I have two answers to that. The first way to say it is a bit of a vulgar anecdote. The current leader of the firm that did structural engineering for the World Trade Center spoke before Congress, and he was asked the question, “how do we future-proof buildings such that they can withstand airplanes flying into them?” And he looked at them, shook his head, and said exactly the right thing. He said, “the problem is not trying to figure out how to make buildings, withstand airplanes, flying into them. The only problem should be, how do we change the political environment where people don’t want to fly airplanes into buildings?”
So having given that anecdote, I hope we’re not thinking about a world in which we’re going to make it okay to have pandemics. Because I don’t really want to go to theater where there’s no energy in the room because everyone’s six feet apart. And I don’t want to have weddings that are six feet apart. And I don’t want to have dances that are six feet apart. So I would say, how about we focus on the behavior that we should all know we should be doing right now? We should be focusing on good science that would lead us to vaccines. We should be thinking about not plowing into every old growth forest. It’s all part of sustainability. Stop expanding exponentially horizontally into ecosystems that have viruses that human beings were never in contact with. That’s the big picture.
You’re a single parent of a 15 year-old daughter. How has she influenced your creativity?
I have a slightly unusual situation. Starting at the age of 7, I’ve been the primary caregiver of my daughter and a single parent. That was really right at the moment my career was taking off. I made a commitment to her, that I would be present. And that forced a kind of efficiency in working that has been embedded in the office that I think is actually really healthy. In architecture, there’s certainly the mythology that if you’re not working all the time and collapsing of sleep deprivation, you haven’t given for your art. I think it’s bullshit. Our expectation is you shouldn’t be here on the weekends and at seven o’clock, we turn the lights out.

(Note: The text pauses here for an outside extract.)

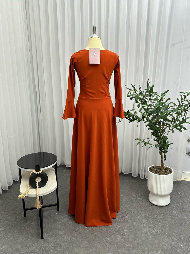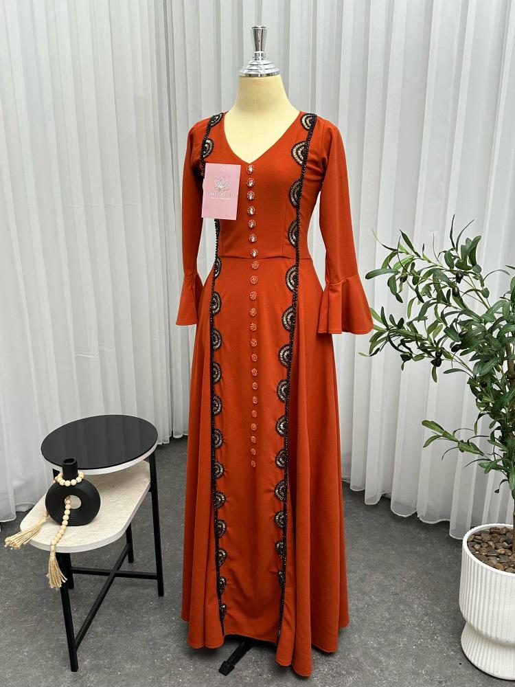 فستان برتقالي مطرز بالصدر يتميز ب خصره الانيق و اكمامه و لونه الاورنجي الجميل

My staff works like hell. There’s no question that this team works really, really hard. But I don’t want to know how long someone’s working. If they go home early I assume it’s because they’ve gotten done what they need to get done. It creates an environment in the studio of respect and trust and people don’t violate it. They’re exceptional. So, while this mindset started with the need to leave the office on time every every night because I was a 38 year old single father and had to pick up my daughter, it has grown into all of these other things.
This is a total non-architectural thing, but men certainly get the benefit of that. I was always treated as exceptional for just doing what women have been doing forever. And that came with certain benefits. Like, I could go to a client meeting with my child in a baby Bjorn and people would be “how amazing!” Whereas if a woman architect did that she’d be seen as not understanding professional boundaries.
Final question that I ask all my guests. How would you define beautiful thinking?
My knee jerk reaction almost sounds antithetical to everything I said: thinking without constraint. I guess I don’t mean it the same way as I would think of saying architecture with constraints. I think thinking without constraint means finding new one-off innovative solutions to constraint. It’s not being burdened by convention and ideas and history.